> [Required work]:
Using the listing below, print the line containing "Main Street Riser", the line containing "Figure 2. Colony", and each line between them, exactly and nothing else. Pictures stay out of the print.

===== Records for the exercise =====

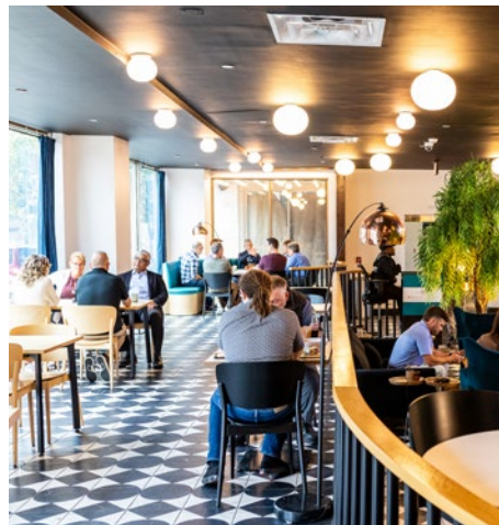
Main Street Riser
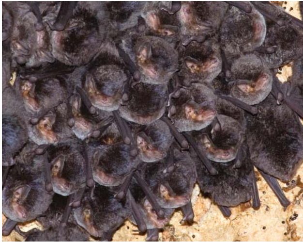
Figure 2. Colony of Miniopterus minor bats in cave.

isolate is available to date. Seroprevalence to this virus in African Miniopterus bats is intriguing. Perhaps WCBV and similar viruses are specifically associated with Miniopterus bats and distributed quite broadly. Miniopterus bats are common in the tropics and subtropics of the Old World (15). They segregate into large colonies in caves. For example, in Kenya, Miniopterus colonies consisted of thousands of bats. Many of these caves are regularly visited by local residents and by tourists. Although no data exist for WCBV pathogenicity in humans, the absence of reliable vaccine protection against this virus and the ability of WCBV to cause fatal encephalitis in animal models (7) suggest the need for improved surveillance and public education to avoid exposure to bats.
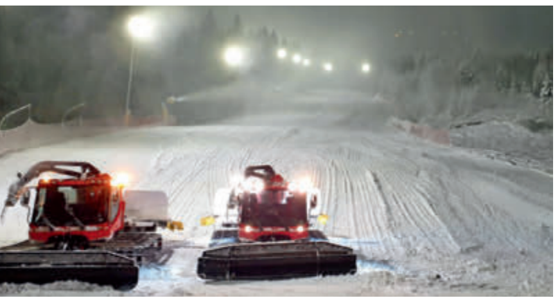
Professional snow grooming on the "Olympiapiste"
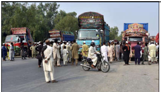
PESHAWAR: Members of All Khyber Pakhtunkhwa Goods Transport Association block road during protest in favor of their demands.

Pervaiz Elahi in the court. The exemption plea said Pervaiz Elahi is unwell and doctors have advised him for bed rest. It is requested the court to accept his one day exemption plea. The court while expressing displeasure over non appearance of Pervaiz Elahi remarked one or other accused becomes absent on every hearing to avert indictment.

=====
===== Records for the exercise =====

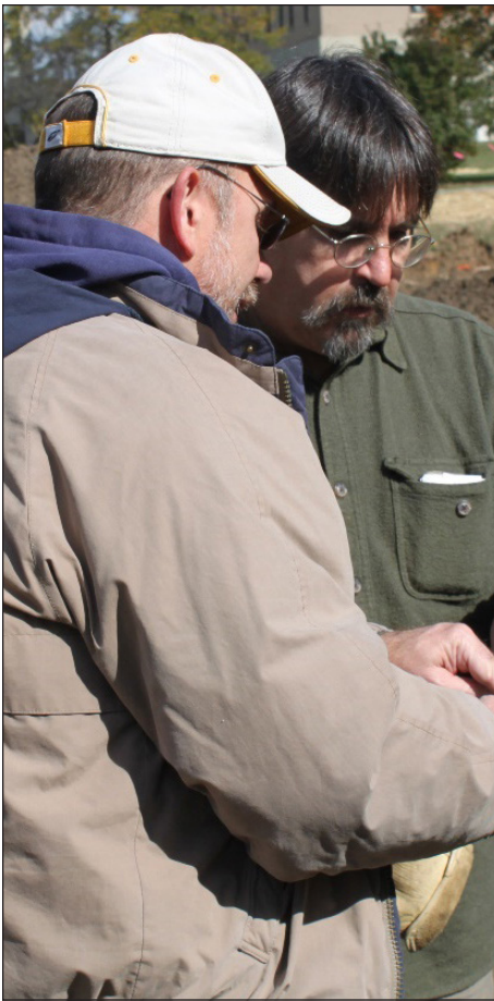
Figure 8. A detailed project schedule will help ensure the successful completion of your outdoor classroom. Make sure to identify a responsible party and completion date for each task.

=====

> [Exercise answer]:
Main Street Riser
Figure 2. Colony of Miniopterus minor bats in cave.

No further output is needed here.